What is your design aesthetic?
I’m fairly adaptable to the wants/needs of who I’m designing for whether it’s a formal affair with elegant styling or a casual, rustic celebration using natural elements. I do tend to lean towards more symmetrical designs.

What inspires you?
Anything can inspire me; however, I do have a slight obsession with paper products and fabric. From beautifully hand crafted paper to various textures and prints of fabric. I could spend hours in fabric stores digging through piles of remnants looking for unique color combinations or design ideas.
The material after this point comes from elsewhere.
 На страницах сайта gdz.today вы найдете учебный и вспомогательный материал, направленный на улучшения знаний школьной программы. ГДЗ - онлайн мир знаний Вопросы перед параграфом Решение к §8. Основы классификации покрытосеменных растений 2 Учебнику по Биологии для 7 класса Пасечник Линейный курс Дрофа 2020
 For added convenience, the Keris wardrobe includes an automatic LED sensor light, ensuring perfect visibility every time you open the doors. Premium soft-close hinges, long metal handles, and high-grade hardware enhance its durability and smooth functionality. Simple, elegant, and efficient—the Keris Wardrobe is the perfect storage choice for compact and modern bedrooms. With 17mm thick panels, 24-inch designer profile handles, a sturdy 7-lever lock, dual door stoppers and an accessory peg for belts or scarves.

What are the trends, flowers & colors that are unique to your region?
Given Maryland’s proximity to water whether it’s the Chesapeake Bay, rivers or the Atlantic Ocean, there seems to be a trend to incorporate marine life or vegetation into weddings. An outdoor wedding held on Maryland’s Eastern Shore or anywhere near water uses tall grasses and reeds to compliment the natural surroundings. Maryland brides also love to incorporate the blue crab in their weddings. Stationary, gift bags, favors, table design or cakes… you can put a crab on anything!

Are you a retail shop, studio/warehouse or home based?
I am home based for now and it suits my needs for the level of events I am doing. I also freelance for several designers/event planners in Maryland which gives me the opportunity to be in a small business environment and learn.
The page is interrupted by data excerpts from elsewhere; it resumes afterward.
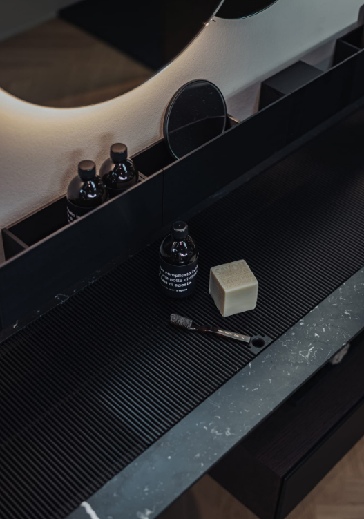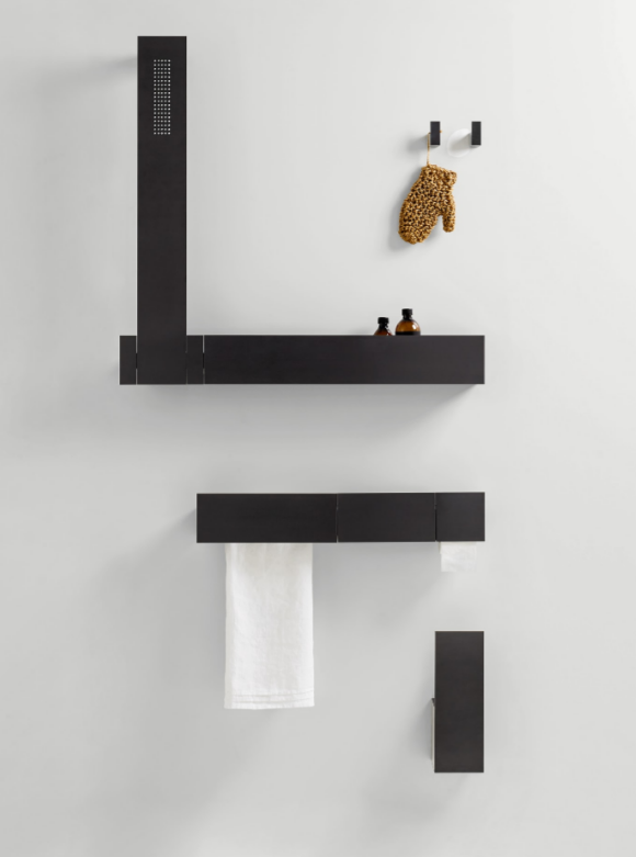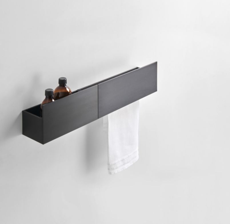 Accessories made from brushed anodised aluminium in black finish, to be matched with the range of taps with the same name. Due to their unique shape, we recommend that all wall-mounted accessories are fixed to a perfectly flat surface.
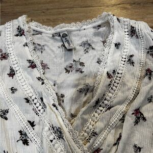 Measurements shown, white pink maroon, V neck wrap, elastic cuffs, beautiful lace detailing around neckline, wrinkly fabric, sundress summer spring vacation garden party event flowers feminine frilly.
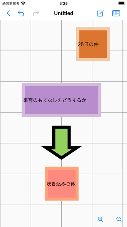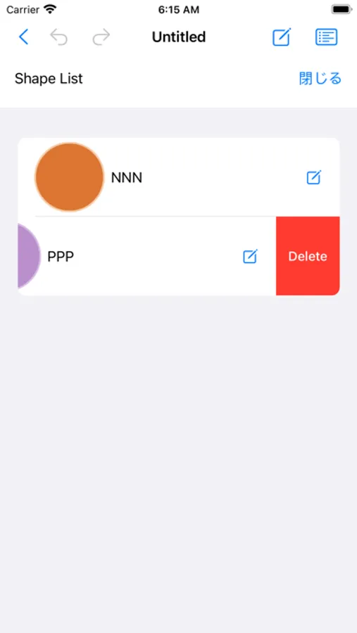 アイデアをまとめるために、図形+メモを使用してメモするアプリです。右上から二番目の編集ボタンを押して設定することで、図形を生成できます。図形にはメモを記入することができます。ドキュメント生成時に2つ円の図形が生成されるようにしています。それを触ってみてください。
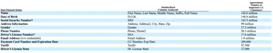 The Equifax data breach initially affected 143 million Americans whose data was stolen.[4] This number was later revised to 146.6 million , which constituted 44 percent of U.S. population.[5] Stolen information ranged from full names and date of births to social security numbers and driver licenses' information.[6] A survey conducted by CreditCards.com found that "twenty percent of all respondents have heard little or nothing about the Equifax breach, including 46 percent of those aged 18-37" and that 50 percent of surveyed adults did not check their credit scores and reports after the breach.[5]
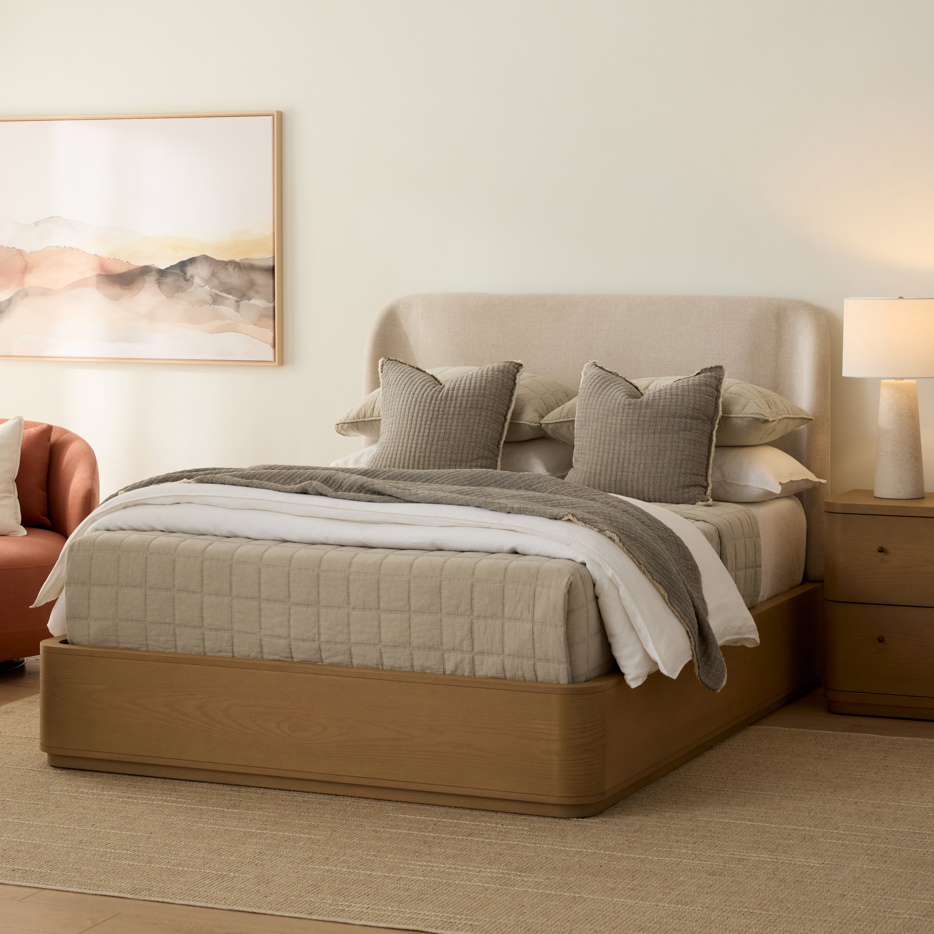 La base de lit en bois naturel aux lignes épurées apporte cette touche scandinave intemporelle qui sublime votre chambre. Robuste et élégant, il crée cette ambiance apaisante essentielle à un sommeil réparateur. La tête de lit rembourrée en beige doux vous enveloppe d'un confort exceptionnel, parfait pour vos moments lecture ou détente.
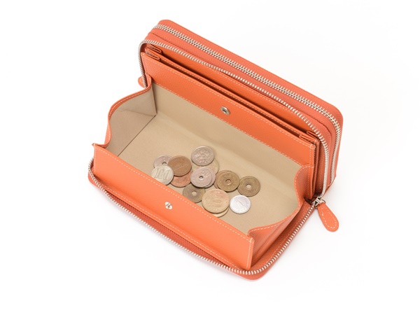 こちらの財布はラウンドファスナータイプとなっていて、ファスナーを閉めた状態ではスッキリとした印象を与え、ファスナーを開ければ本体が大きく開くので収納もしやすいですよ。
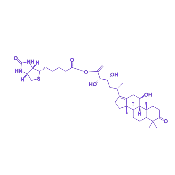 生物素作为该化合物的关键组成部分,以辅酶形式广泛参与机体内的羧化反应,在碳水化合物、脂肪及蛋白质的代谢调控中发挥核心作用。其分子结构中的脲基与噻吩环结构赋予了良好的水溶性和生物相容性,能够通过与生物体内特定受体或酶的相互作用,提升整体化合物的细胞摄取效率。泽泻醇 G 作为来源于泽泻植物的三萜类天然产物,具有独特的四环三萜母核结构,其生物活性主要体现在对特定信号通路的调控作用,而生物素的引入通过改善其药代动力学特性,进一步增强了其在体内环境中的靶向作用效果。

Do you offer any services in addition to floral designs?
I am a great napkin folder! Some of my freelance jobs have included helping to coordinate day of services for a wedding. I typically stick with the flowers from creation to delivery and set up but I have jumped in to help in other areas when needed.

What does your toolbox look like?
You would typically find my toolbox at a construction site rather than toting around floral tape, straight pins and double faced satin ribbon. It’s a red and black heavy duty square box with a handle and carry strap. Lots of pockets for all my clippers and scissors and space for a spray bottle and paper towels. I was hoping for something fun and feminine but I guess tool manufacturers haven’t yet fully embraced the female, home improvement customer to begin marketing pink toolboxes en mass.

What tool in your toolbox can’t you live without?
Paper Towels! I always have a roll of paper towels with me for that inevitable spill. Moving heavy glass containers full of water and flowers from delivery truck to table is never perfectly smooth.

What’s your favorite flower?
David Austin Roses. I love the fullness and fragrance they give to a bouquet Their multiple layers of petals remind me of our own layers as people more particularly brides. When you peel back the layers of style, theme, venue, budget, etc., you find a girl who fell in love and she’s getting married. It’s just that simple.

Anything else you’d like to share with Flirty Fleurs followers?
I love learning and exploring my new profession!